10時半に家を出て、母と妻と3人で、鶯谷の菩提寺にお十夜の法要に出かける。ただし、私は墓参りをすませて、そのまま大学へ向う。午後から大隈会館で開かれる「間宏先生とお別れする会」に出席するためである。菩提寺に近くの入谷の駅(日比谷線)から地下鉄に乗り、茅場町で東西線に乗り換えてると、30分足らずで早稲田に着く。
第一文学部の社会学専修で同僚であった間宏先生が79歳で亡くなったのは8月5日のことだった。葬儀はご親族だけですませられたので、今回、先輩・同僚・教え子らが集まるお別れの会がもたれることになったのである。出席者は60名ほどで、面識のある方とない方が半々くらいであった。
間先生が東京教育大学(現在の筑波大学)をお辞めになって、早稲田大学に移って来られたのは、1976年4月のことであった。当時、私は学部の3年生で、間先生の早稲田での最初の授業を受講した。教室に入って来られた先生は、平安時代の貴族、京都のお公家さんに似た風貌の方であった。そういう印象は私一人のものではなくて、他の学生たちもそう感じたようで、以後、間先生は学生の間で「麿(まろ)」と呼ばれることになる。そんな繊細でひ弱な外見の先生であったが、年齢は40代後半、これから新しい職場でやっていくのだという気概がひしひしと伝わってくる話しぶりであったのが記憶に残っている。
出席者の中に竹内洋先生(京都大学名誉教授、関西大学教授)がいらして、初対面であったが、「清水幾太郎の研究をされている大久保先生でいらっしゃいますね」と声をかけていただく。竹内先生がいま清水幾太郎の評伝を執筆中(あるいは準備中)であることは存じ上げている。清水の評伝は単行本では2冊しかなく、1冊は天野恵一『危機のイデオローグ 清水幾太郎批判』(批評社、1979年)、もう1冊は小熊英二『清水幾太郎 ある戦後知識人の軌跡』(お茶の水書房、2003年)で、おそらく竹内先生の出される本が3冊目になる。私の出す(かもしれない)本は4冊目か5冊目になるであろう。いまの日本に清水幾太郎についての本を書こうとしている人間はわれわれ2人を入れても5人はいないと思うが、ここで竹内先生とお会いできたのは間先生のお導きのような気がする。「先生のご本の出版を心待ちにしております」と私が言うと、「どうぞ先生から先に出してください」と竹内先生がおっしゃる。

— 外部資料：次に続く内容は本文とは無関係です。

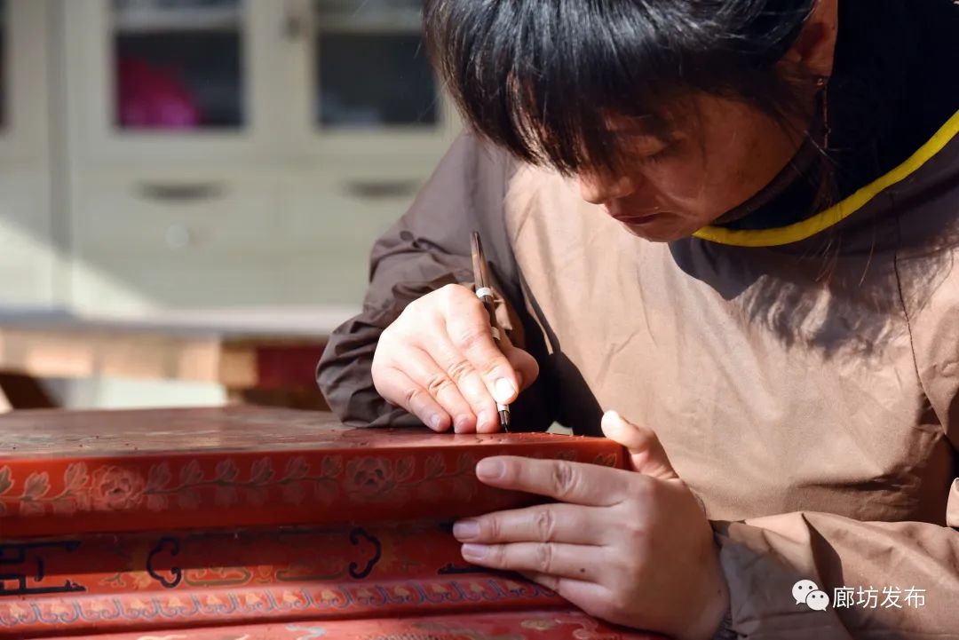 南汉村历史悠久,自明代开始,就有村民到北京琉璃厂做工,为当时的宫廷服务。几百年来,历经朝代更迭,村民们的手艺不仅没丢,还得到了发扬。百宝嵌被列入第六批河北省级非遗名录。要使百年技艺历久弥新,就要融入现代生活。南汉村在传承非遗技艺的同时大胆创新,并逐步探索出一条个性化定制的产品路线。在廊坊市缑氏家具有限公司生产车间内,河北省级非遗雕填漆器髹饰技艺传承人缑建辉正在为小巧的珠宝柜勾线雕刻。“手工艺要实用,更要体现人们对待生活的态度。”缑建辉说。这些年他一直在探索将传统技艺应用于现代生活用品,让人看得见、摸得着,更要用得起。

竹内先生は私の発表した清水幾太郎関連の論文はすべてご覧になっているそうだ。「いや、先生から」「いやいや、先生から」と、それを何度かくり返す。もし、「では、私から出させていただきます」と私が言ったら、ダチョウ倶楽部のネタのようになってしまうだろうなということをこのとき私は考えていた。やはりまず竹内先生、しかるのちに私というのが正しい順序、歴史的必然というものである。
帰りに丸善丸の内店に寄り、以下の本を購入。
F・R・ディキンソン『大正天皇』(ミネルヴァ書房)
嘉戸一将『北一輝 国家と進化』(講談社)
寺出道雄『知の前衛たち 近代日本におけるマルクス主義の衝撃』(ミネルヴァ書房)
夕食は外ですまし、喫茶店で1時間ほど本を読んでから帰宅。